The Orange Bowl came down to Oklahoma and Nebraska so often, fans at that game would bring oranges to hurl onto the field. As one player said, “Lucky we weren’t going to the Gator Bowl.”
I want those days back. Seeing TCU in the Rose Bowl a few years ago was cool for Frog fans (full disclosure: I went to TCU for two years) but just plain weird for everybody else. Ohio State-USC was the classic Rose Bowl when I was a kid, but any traditional combination would at least bring back sanity to New Year’s Day.
So imagine this: All of the bowls play out the way they did 25 years ago, only the next morning the CFP committee announces the four teams that will play for the national championship.
Who would be happy about this? Lots of people:
First, the Rose Bowl, and with it the Big Ten and Pac-12, would be delighted. Many of the playoff proposals old and new have been stopped in their tracks because of the Rose Bowl, which lost its traditional matchup but is hell-bent on keeping its spot in the afternoon of Jan. 1.
Second, those that actually like four teams in the playoffs, for obvious reasons.
Third, fans of teams that are ranked fifth through eighth or even 10th, depending on the year. Think about it: You’re Notre Dame. You finish fifth in the final rankings. Now, you wait for the committee to assign you to a “New Year’s Six” bowl and hope players aren’t too disappointed about just missing the playoffs and make an effort. Under my plan, you would accept a bid to a major bowl game to play either a conference champion or another highly ranked team with the winner in line for a CFP spot if any of the top four loses.
Fourth, the people who run the nonplayoff major bowl games. While there would not be eight official playoff teams, there would be somewhere between five and 10 teams with a legitimate shot at making the playoffs. That means a lot more bowls would matter, which translates into more viewers. The playoffs have made games that were once a huge deal into an afterthought. I hate that.

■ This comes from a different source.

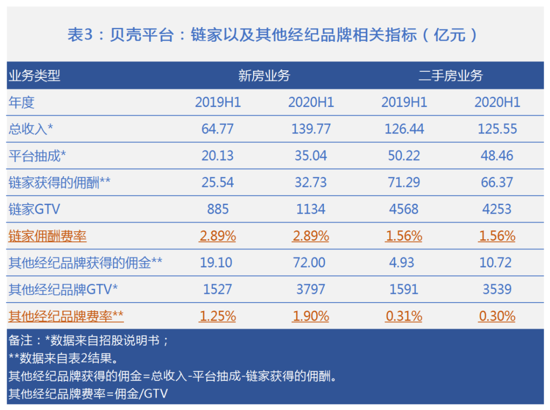 (備注:對于計算過程做一個贅述:根據(jù)調(diào)研,2019-2020的時間段鏈家二手房交易費率基本一致,此外招股書顯示平臺二手房抽成變動很小、忽略不計(表1),故鏈家二手房傭酬費鎖定,鏈家獲得傭酬費總額已經(jīng)在招股書中披露,則新房銷售的傭酬費(率)=傭酬總額-二手房傭酬費也是確定的。此外,我們根據(jù)計算得到的鏈家的傭酬費率帶入2019年全年驗算,全年數(shù)據(jù)與報表基本吻合。)
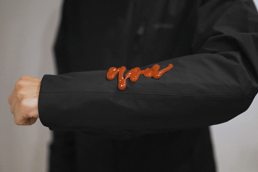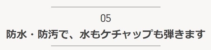表面生地は防汚加工なので、ドロドロしたケチャップなども問題ありません。きれいなまま着続けることができます。

Let’s look at what would have happened this year. Michigan and Utah would be in Pasadena tomorrow. Alabama would be in New Orleans, maybe playing Notre Dame, maybe playing Oklahoma State, maybe playing Cincinnati.
Because the Big 12 began as a merger between the Big 8 and some of the Southwest Conference, it should choose between the bowls tied to those leagues. I would pick the Orange Bowl, because Miami for New Year’s beats the heck out of Dallas on New Year’s, or any other day of the year, for that matter. So Baylor heads to the Orange Bowl. The ACC logically would go to the Peach Bowl, but with the SEC championship game played there, perhaps the Gator Bowl would be a better fit. So send Pittsburgh to Jacksonville.
The top-ranked teams which were not power-conference champions this year were Georgia, Cincinnati, Notre Dame, Ole Miss, Oklahoma State and Michigan State. Let the bowl people actually do some work and invite who they want.
The Peach and Fiesta bowls are the biggest bowls that don’t have a purpose in this plan. My preference would be for them to be permanent hosts of the CFP semifinals, with the championship game bid on as it is now.
To me, having more than four teams go into New Year’s with a chance to make the playoffs is a huge plus for the sport. There could be six or seven must-see bowl games, with must-see playoff games a week to 10 days later.
So who wouldn’t like it? Probably Greg Sankey. Not sure why, but it’s a good guess. If he does like it, then write this down: the commissioners of the Big Ten, Pac-12 and ACC won’t like it. What he likes, they don’t. What they like, he doesn’t, at least when it comes to playoff ideas.
But they haven’t heard this one yet.